(Data items)
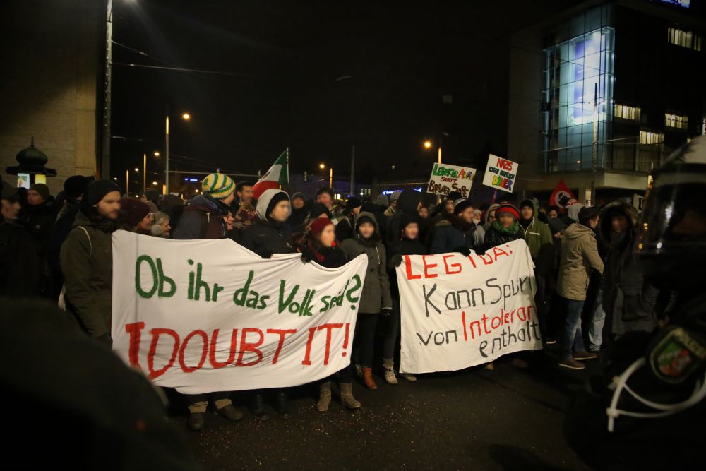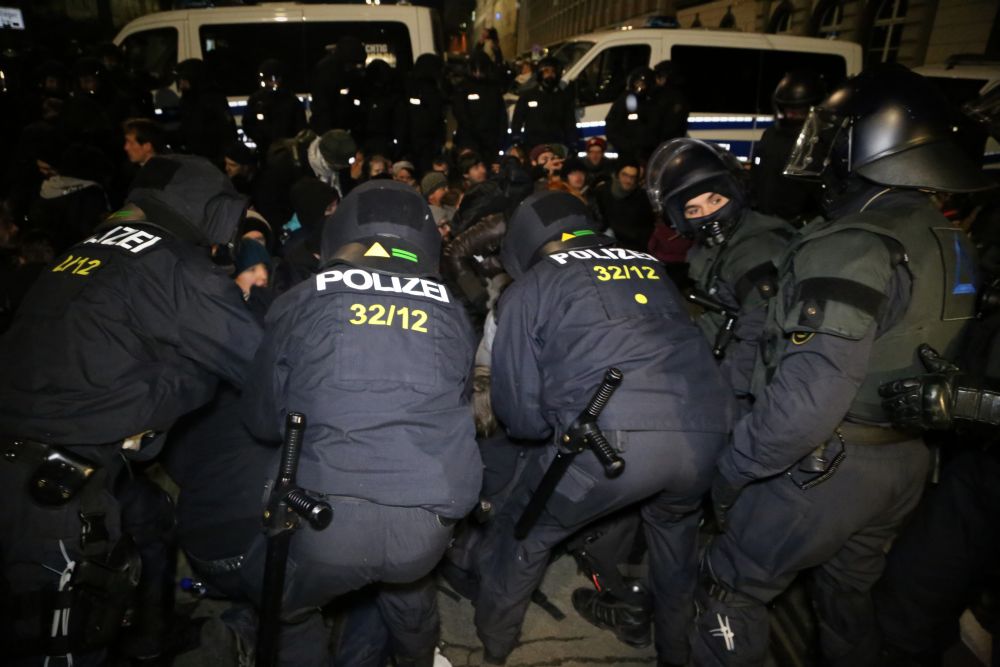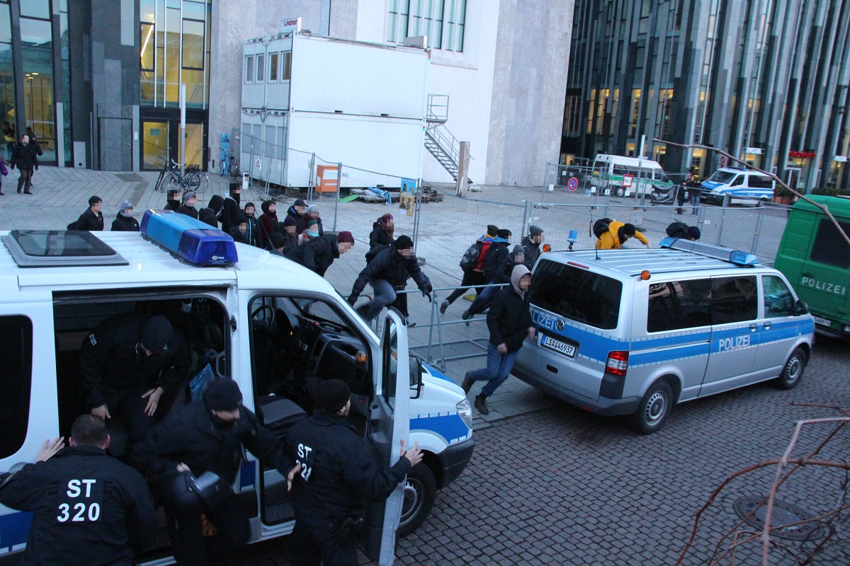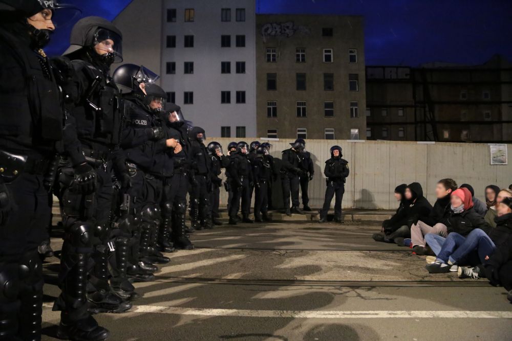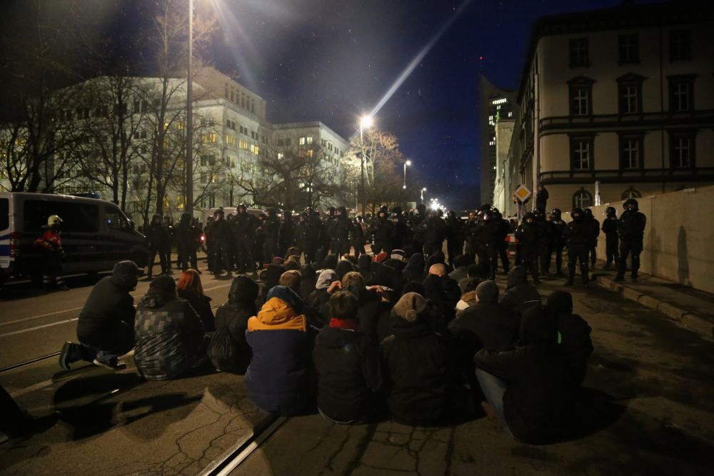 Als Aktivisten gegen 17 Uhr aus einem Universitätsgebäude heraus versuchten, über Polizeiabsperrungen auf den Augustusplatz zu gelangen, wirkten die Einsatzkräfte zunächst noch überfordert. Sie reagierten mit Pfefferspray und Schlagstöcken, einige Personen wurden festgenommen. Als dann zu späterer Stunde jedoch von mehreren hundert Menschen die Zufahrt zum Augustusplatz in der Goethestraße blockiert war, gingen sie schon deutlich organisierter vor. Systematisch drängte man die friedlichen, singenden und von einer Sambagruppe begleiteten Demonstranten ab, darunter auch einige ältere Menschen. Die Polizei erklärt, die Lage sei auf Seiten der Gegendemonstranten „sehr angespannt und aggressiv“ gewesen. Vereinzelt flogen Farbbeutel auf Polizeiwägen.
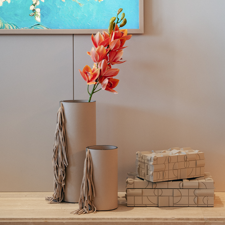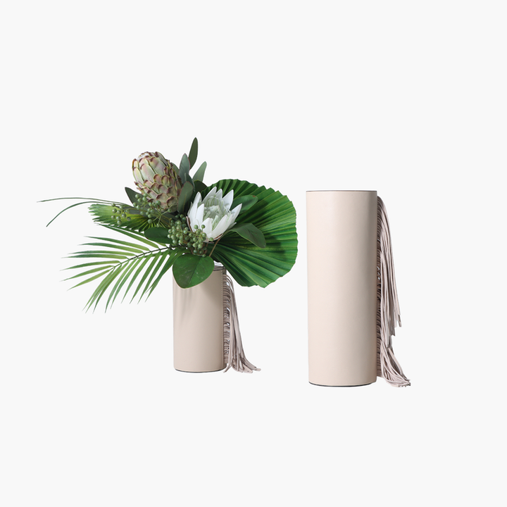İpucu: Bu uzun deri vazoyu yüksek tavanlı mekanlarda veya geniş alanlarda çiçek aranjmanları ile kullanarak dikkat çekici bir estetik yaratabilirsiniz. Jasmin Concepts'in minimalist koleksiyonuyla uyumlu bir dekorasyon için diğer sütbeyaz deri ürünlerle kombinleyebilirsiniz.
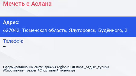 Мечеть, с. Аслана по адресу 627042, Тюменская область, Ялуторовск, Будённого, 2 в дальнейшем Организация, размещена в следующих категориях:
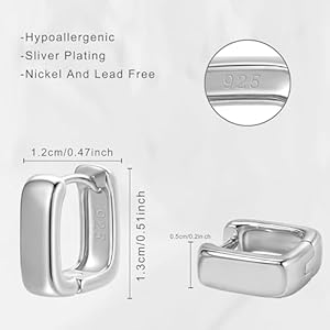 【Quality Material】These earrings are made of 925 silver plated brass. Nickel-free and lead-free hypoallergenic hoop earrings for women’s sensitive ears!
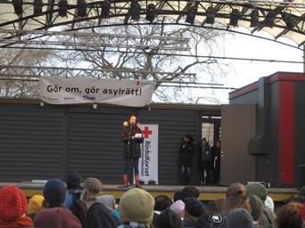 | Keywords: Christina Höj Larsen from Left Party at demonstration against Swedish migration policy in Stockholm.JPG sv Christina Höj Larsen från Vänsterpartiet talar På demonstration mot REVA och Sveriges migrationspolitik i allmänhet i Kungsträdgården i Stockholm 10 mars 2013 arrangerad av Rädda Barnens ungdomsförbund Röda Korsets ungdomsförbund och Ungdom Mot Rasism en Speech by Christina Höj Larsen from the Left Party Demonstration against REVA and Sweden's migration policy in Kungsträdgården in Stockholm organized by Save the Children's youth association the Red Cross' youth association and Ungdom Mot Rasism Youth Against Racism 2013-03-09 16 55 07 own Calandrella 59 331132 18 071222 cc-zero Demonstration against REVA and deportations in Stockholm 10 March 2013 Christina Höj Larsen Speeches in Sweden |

*Your goal*
Drop the pictures and reproduce the rest of the entries above exactly.

*Reply*
 Als Aktivisten gegen 17 Uhr aus einem Universitätsgebäude heraus versuchten, über Polizeiabsperrungen auf den Augustusplatz zu gelangen, wirkten die Einsatzkräfte zunächst noch überfordert. Sie reagierten mit Pfefferspray und Schlagstöcken, einige Personen wurden festgenommen. Als dann zu späterer Stunde jedoch von mehreren hundert Menschen die Zufahrt zum Augustusplatz in der Goethestraße blockiert war, gingen sie schon deutlich organisierter vor. Systematisch drängte man die friedlichen, singenden und von einer Sambagruppe begleiteten Demonstranten ab, darunter auch einige ältere Menschen. Die Polizei erklärt, die Lage sei auf Seiten der Gegendemonstranten „sehr angespannt und aggressiv“ gewesen. Vereinzelt flogen Farbbeutel auf Polizeiwägen.
İpucu: Bu uzun deri vazoyu yüksek tavanlı mekanlarda veya geniş alanlarda çiçek aranjmanları ile kullanarak dikkat çekici bir estetik yaratabilirsiniz. Jasmin Concepts'in minimalist koleksiyonuyla uyumlu bir dekorasyon için diğer sütbeyaz deri ürünlerle kombinleyebilirsiniz.
 Мечеть, с. Аслана по адресу 627042, Тюменская область, Ялуторовск, Будённого, 2 в дальнейшем Организация, размещена в следующих категориях:
 【Quality Material】These earrings are made of 925 silver plated brass. Nickel-free and lead-free hypoallergenic hoop earrings for women’s sensitive ears!
 | Keywords: Christina Höj Larsen from Left Party at demonstration against Swedish migration policy in Stockholm.JPG sv Christina Höj Larsen från Vänsterpartiet talar På demonstration mot REVA och Sveriges migrationspolitik i allmänhet i Kungsträdgården i Stockholm 10 mars 2013 arrangerad av Rädda Barnens ungdomsförbund Röda Korsets ungdomsförbund och Ungdom Mot Rasism en Speech by Christina Höj Larsen from the Left Party Demonstration against REVA and Sweden's migration policy in Kungsträdgården in Stockholm organized by Save the Children's youth association the Red Cross' youth association and Ungdom Mot Rasism Youth Against Racism 2013-03-09 16 55 07 own Calandrella 59 331132 18 071222 cc-zero Demonstration against REVA and deportations in Stockholm 10 March 2013 Christina Höj Larsen Speeches in Sweden |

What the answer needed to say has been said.